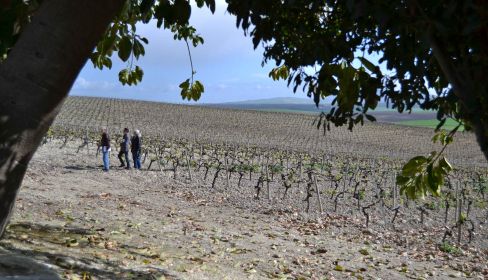 En plena primavera, en un momento único de la viña de Jerez por la aparición de los brotes verdes que crecen de la nueva cosecha, cerca de 50 personas, acompañadas por una copa de vino, escuchan con atención la lectura de poemas que versan sobre la vitivinicultura. "Quería escribir sobre la primera brisa cálida de marzo, ese aura que nos anuncia cada año el adelanto de la primavera. No es solo una brisa del sudoeste que viene del mar, salina y olorosa, atravesando los pagos de viñas", pronuncia el poeta Francisco Bejarano al leer su poema Una brisa cálida. Los artistas, como él, van delineando y ensalzando características propias de la Campiña de Jerez. Por ejemplo, Bibiana González-Górdon, lee un poema de su suegro Vicente Fernández de Bobadilla, en el que relata que se topa con un bienteveo, una torre de vigilancia dentro del viñedo: "Luego, muy luego, vi ante mis ojos alzarse contra el quieto cielo, en el argentado recorte de la luna, la gracia lacustre de un bienteveo".
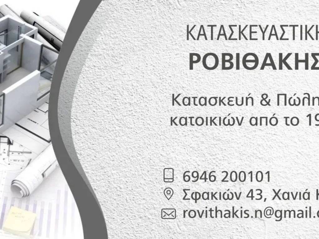 Απο έμπειρο κατασκευαστή στα Χανια πωλείται διαμέρισμα υπό κατασκευή χωρίς μεσιτική αμοιβή με παραδοση σε λιγους μηνες. Με 2 υπνοδωμάτια, 1 WC 96τμ μικτά 82τμ καθαρα και με 2 μεγαλες βεραντες,Ενεργειακής κλάσης Α++, κοντά στα γραφεία της ΔΕΗ πισω απο το LIDL σε αναπτυσσόμενη περιοχή σε καινούργιο σχέδιο πόλεως δίπλα σε πάρκα,σούπερ μάρκετ,σχολεία,καφέ,κόμβο εθνικής οδού και πολλά άλλα προνομια της περιοχης.Με πάρκινγκ,κέλυφος εξωτερικής θερμομόνωσης, fan coil units με αντλία θερμότητος ,για ψύξη και θερμανση , σίτες, προεγκατασταση ταχυφορτιστή ηλεκτρικού οχήματος,καμερες ασφαλειας,πατώματα με πλακάκια υψηλής ποιότητας,πορτες θωρακισμένες,μοντερνες κουζίνες και ντουλάπες, ανελκυστήρας με πρόσβαση ΑΜΕΑ, πανοραμική θέα,Κατασκευή υψηλών προδιαγραφών ΠΑΡΑΚΑΛΩ ΟΧΙ ΜΕΣΙΤΕΣ
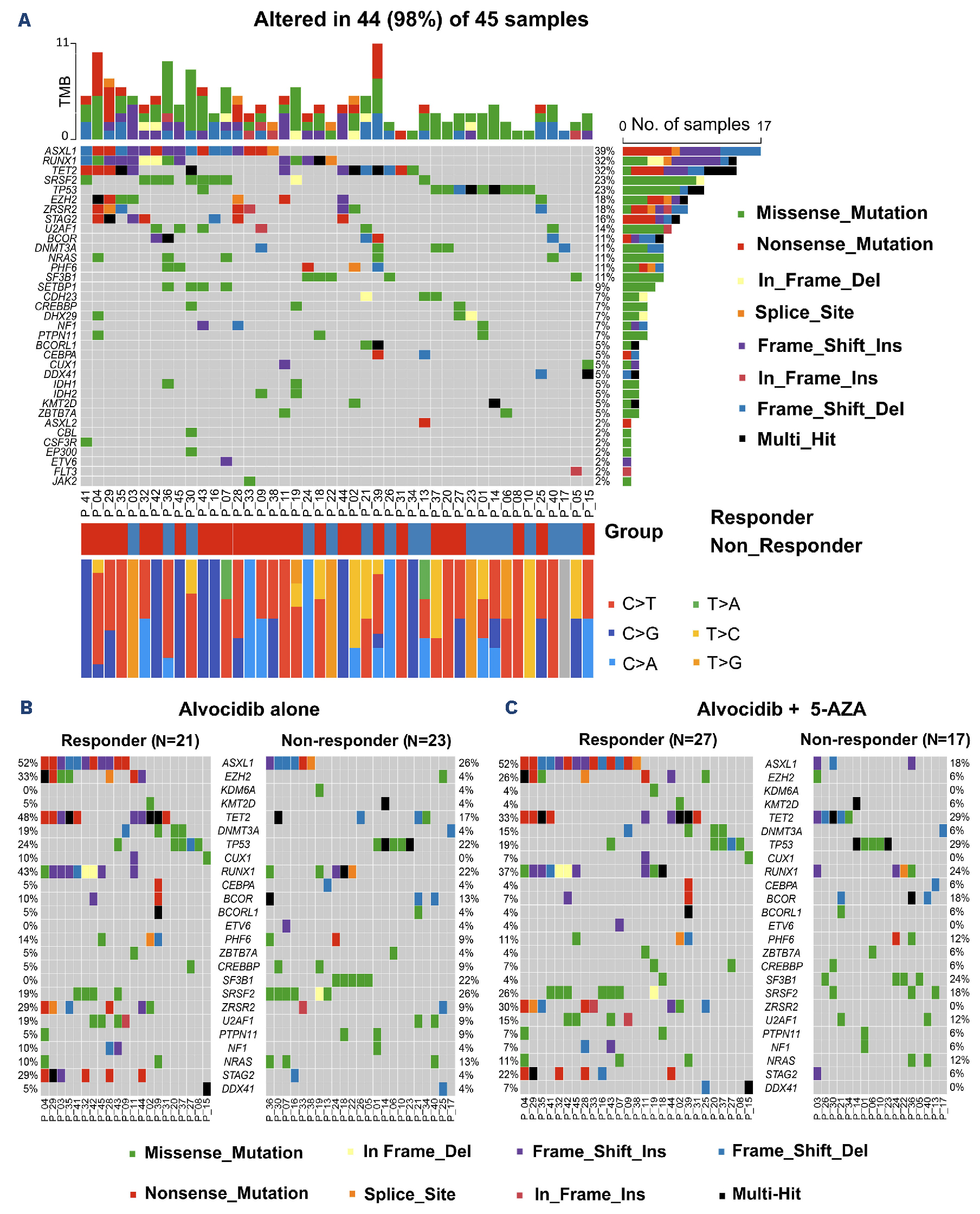 Figure 2.Mutational profiles in alvocidib and alvocidib + 5-AZA treated samples. (A) Bone marrow (BM) mononuclear cells (MNC) of myelodysplastic syndromes (MDS) patients (N=40) were subjected to myeloid panel deep sequencing. The mutational data for other N=5 MDS samples were obtained from the medical records. The mutations in MDS-associated genes were found in N=44 patients and presented as oncoplot. (B, C) MDS patients (N=44) were distributed into responder and non-responder groups based on the mean cell viability after alvocidib treatment (B) and alvocidib + 5-azacytidine (5-AZA) treatment (C) in CTG assay. Individual mutations for responders versus non-responders are presented as co-oncoplots. Del: deletion; Ins: insertion.
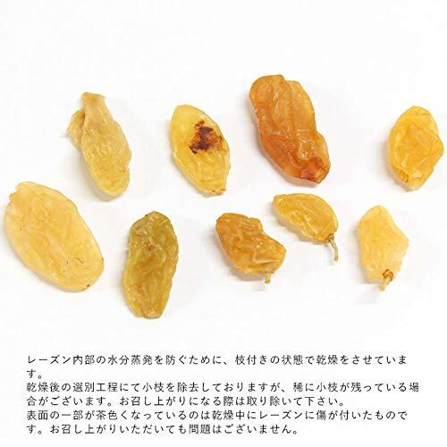 ご確認事項:※ノンコーティングのため、レーズンの水分が蒸発しやすい特性がございます。そのため表面が白くなる場合もございます。これは果糖が表面で結晶化したもので、品質には問題ございません。 レーズン内部の水分蒸発を防ぐために、枝付きの状態で乾燥をさせています。 乾燥後の選別工程にて小枝を除去しておりますが、稀に小枝が残っている場合がございます。お召し上がりになる際は取り除いて下さい。 表面の一部が茶色くなっているのは乾燥中にレーズンに傷が付いたものです。お召し上がりいただいても問題はございません。 ※情報更新のタイミングによっては、商品ラベルに記載の内容と異なる場合があります。ご使用の際は、商品ラベルを十分にご確認の上、ご使用ください。気になる点がございましたら、メールにてお問い合わせをお願いします。

» **WHAT YOU ARE ASKED TO DO**:
Omit every picture while copying the listing above exactly.

» **TASK SOLUTION**:
 En plena primavera, en un momento único de la viña de Jerez por la aparición de los brotes verdes que crecen de la nueva cosecha, cerca de 50 personas, acompañadas por una copa de vino, escuchan con atención la lectura de poemas que versan sobre la vitivinicultura. "Quería escribir sobre la primera brisa cálida de marzo, ese aura que nos anuncia cada año el adelanto de la primavera. No es solo una brisa del sudoeste que viene del mar, salina y olorosa, atravesando los pagos de viñas", pronuncia el poeta Francisco Bejarano al leer su poema Una brisa cálida. Los artistas, como él, van delineando y ensalzando características propias de la Campiña de Jerez. Por ejemplo, Bibiana González-Górdon, lee un poema de su suegro Vicente Fernández de Bobadilla, en el que relata que se topa con un bienteveo, una torre de vigilancia dentro del viñedo: "Luego, muy luego, vi ante mis ojos alzarse contra el quieto cielo, en el argentado recorte de la luna, la gracia lacustre de un bienteveo".
 Απο έμπειρο κατασκευαστή στα Χανια πωλείται διαμέρισμα υπό κατασκευή χωρίς μεσιτική αμοιβή με παραδοση σε λιγους μηνες. Με 2 υπνοδωμάτια, 1 WC 96τμ μικτά 82τμ καθαρα και με 2 μεγαλες βεραντες,Ενεργειακής κλάσης Α++, κοντά στα γραφεία της ΔΕΗ πισω απο το LIDL σε αναπτυσσόμενη περιοχή σε καινούργιο σχέδιο πόλεως δίπλα σε πάρκα,σούπερ μάρκετ,σχολεία,καφέ,κόμβο εθνικής οδού και πολλά άλλα προνομια της περιοχης.Με πάρκινγκ,κέλυφος εξωτερικής θερμομόνωσης, fan coil units με αντλία θερμότητος ,για ψύξη και θερμανση , σίτες, προεγκατασταση ταχυφορτιστή ηλεκτρικού οχήματος,καμερες ασφαλειας,πατώματα με πλακάκια υψηλής ποιότητας,πορτες θωρακισμένες,μοντερνες κουζίνες και ντουλάπες, ανελκυστήρας με πρόσβαση ΑΜΕΑ, πανοραμική θέα,Κατασκευή υψηλών προδιαγραφών ΠΑΡΑΚΑΛΩ ΟΧΙ ΜΕΣΙΤΕΣ
 Figure 2.Mutational profiles in alvocidib and alvocidib + 5-AZA treated samples. (A) Bone marrow (BM) mononuclear cells (MNC) of myelodysplastic syndromes (MDS) patients (N=40) were subjected to myeloid panel deep sequencing. The mutational data for other N=5 MDS samples were obtained from the medical records. The mutations in MDS-associated genes were found in N=44 patients and presented as oncoplot. (B, C) MDS patients (N=44) were distributed into responder and non-responder groups based on the mean cell viability after alvocidib treatment (B) and alvocidib + 5-azacytidine (5-AZA) treatment (C) in CTG assay. Individual mutations for responders versus non-responders are presented as co-oncoplots. Del: deletion; Ins: insertion.
 ご確認事項:※ノンコーティングのため、レーズンの水分が蒸発しやすい特性がございます。そのため表面が白くなる場合もございます。これは果糖が表面で結晶化したもので、品質には問題ございません。 レーズン内部の水分蒸発を防ぐために、枝付きの状態で乾燥をさせています。 乾燥後の選別工程にて小枝を除去しておりますが、稀に小枝が残っている場合がございます。お召し上がりになる際は取り除いて下さい。 表面の一部が茶色くなっているのは乾燥中にレーズンに傷が付いたものです。お召し上がりいただいても問題はございません。 ※情報更新のタイミングによっては、商品ラベルに記載の内容と異なる場合があります。ご使用の際は、商品ラベルを十分にご確認の上、ご使用ください。気になる点がございましたら、メールにてお問い合わせをお願いします。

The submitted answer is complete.